*WHAT NEEDS TO BE DONE*
Exactly and only the lines from the line holding "3 Proposed North Elevation 1:100" to the end of the records should be reproduced. Leave pictures out.

========================

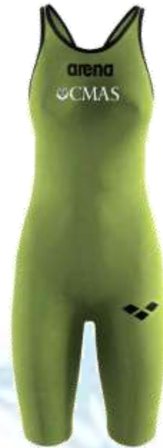
- Carbon PRO Closed back - Carbon PRO Open back
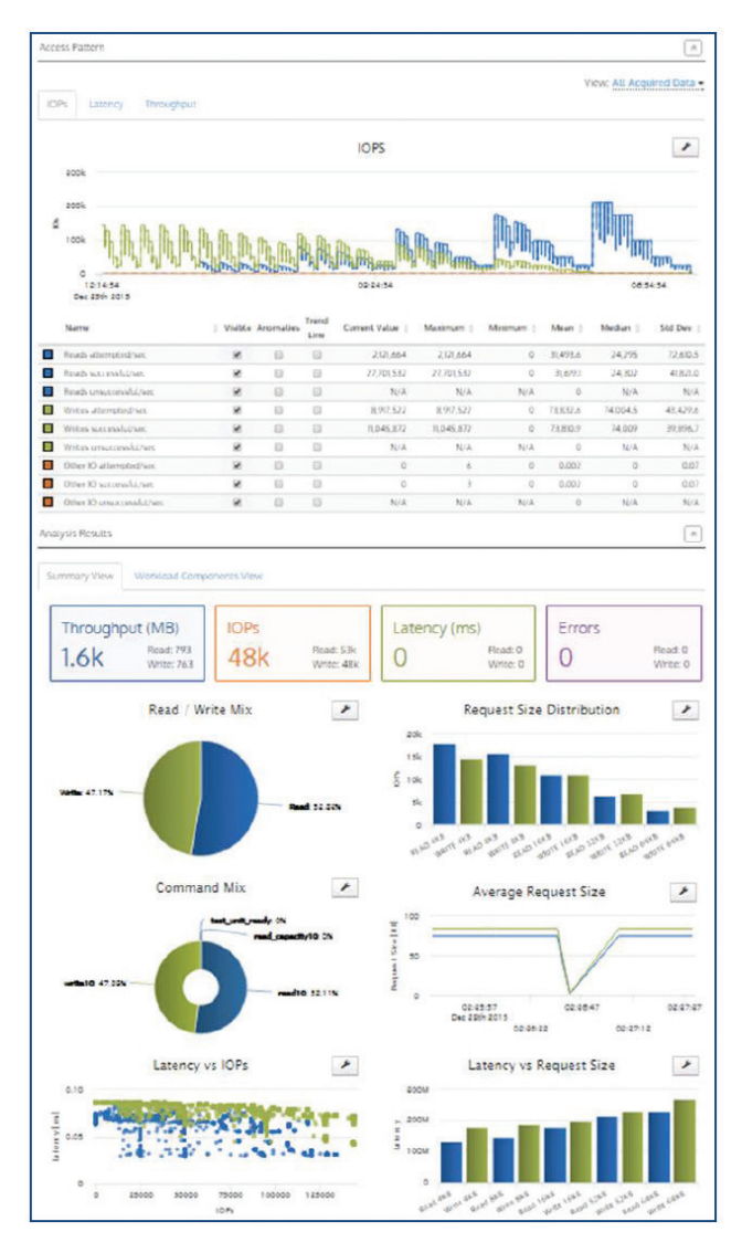
Figure 1: WorkloadWisdom Workload Analyzer module

The Latency vs. IOPS can establish the relationship between the two and by watching trends, you can often uncover problems. For instance, if in a workload the latency is going up at the point where IOPS are increasing, the system is overloaded.
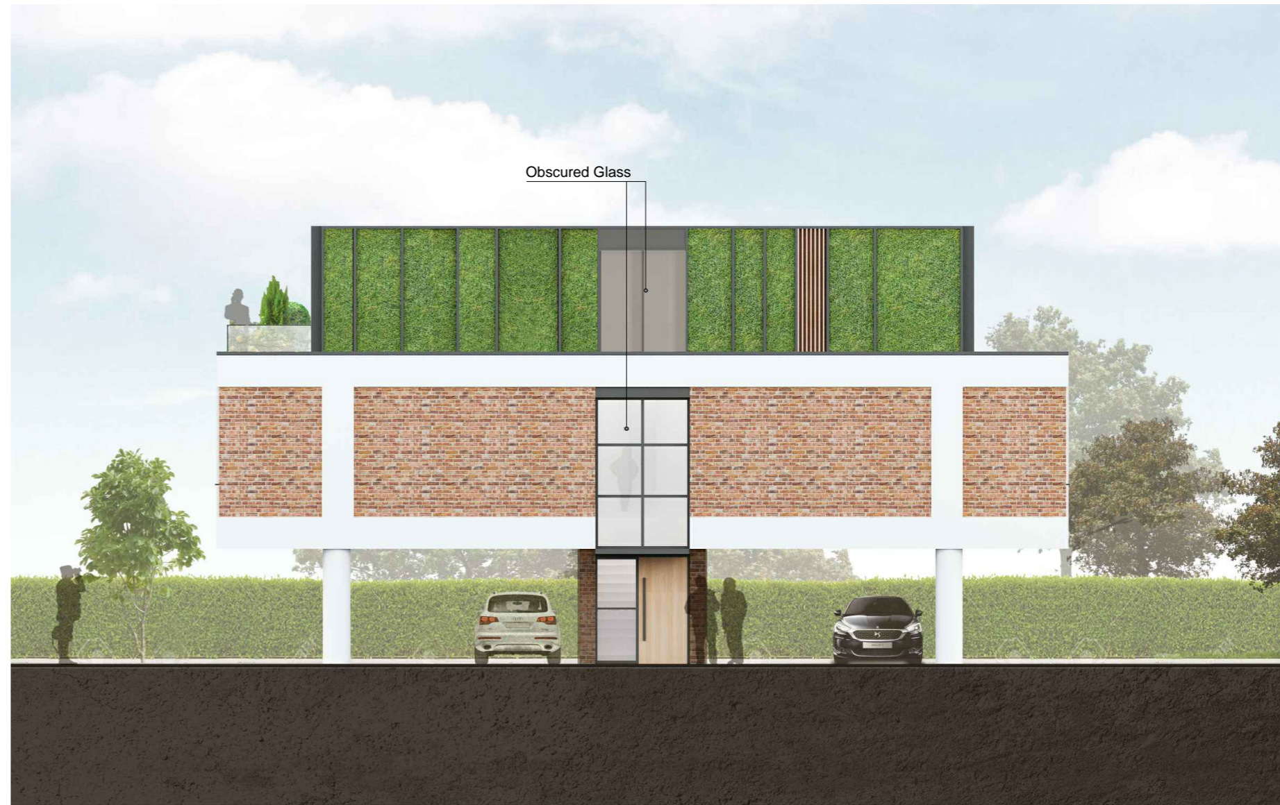
3 Proposed North Elevation 1:100
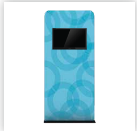
Attach Mounting Rails Onto Back Of Monitor
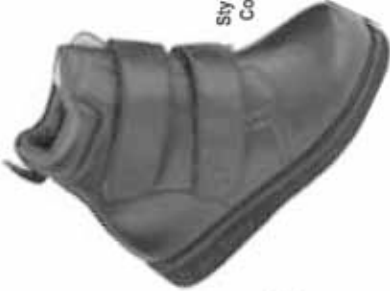
Style No. 503 Color: Black
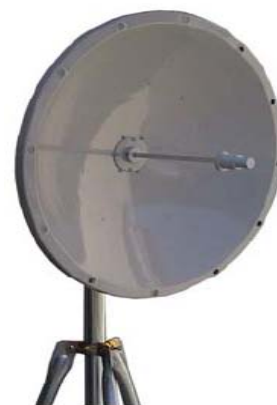
Parabolic dish antenna
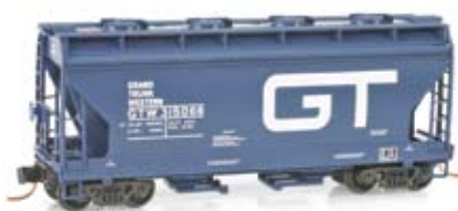
2 Bay ACF Center Flow® Covered Hopper Grand Trunk Western • Rd# 315066 Item# 092 00 010...$22.85
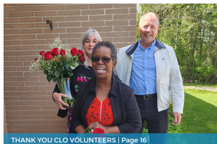
THANK YOU CLO VOLUNTEERS | Page 16
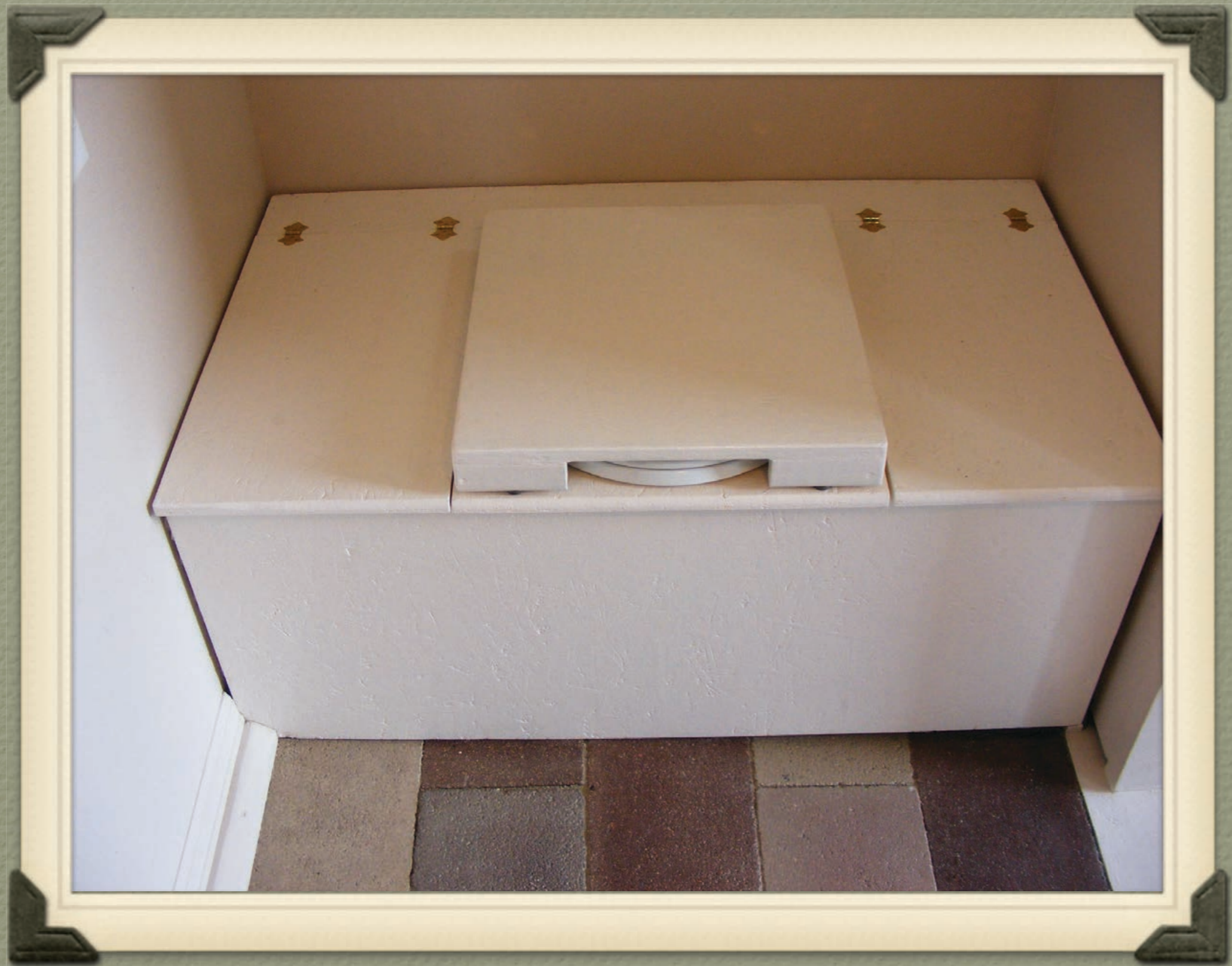
This is a sawdust toilet. It has two 12-volt fans for odor control.
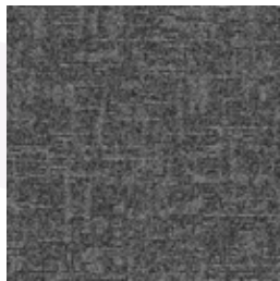
FAST LANE 6774
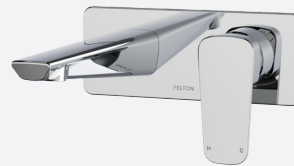
Chrome | AX2BFCA
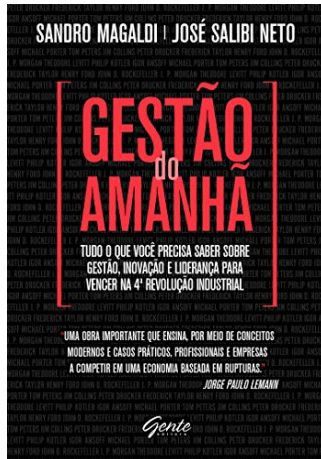
GESTÃO DO AMANHÃ

========================

*ANSWER BELOW*
3 Proposed North Elevation 1:100
Attach Mounting Rails Onto Back Of Monitor
Style No. 503 Color: Black
Parabolic dish antenna
2 Bay ACF Center Flow® Covered Hopper Grand Trunk Western • Rd# 315066 Item# 092 00 010...$22.85
THANK YOU CLO VOLUNTEERS | Page 16
This is a sawdust toilet. It has two 12-volt fans for odor control.
FAST LANE 6774
Chrome | AX2BFCA
GESTÃO DO AMANHÃ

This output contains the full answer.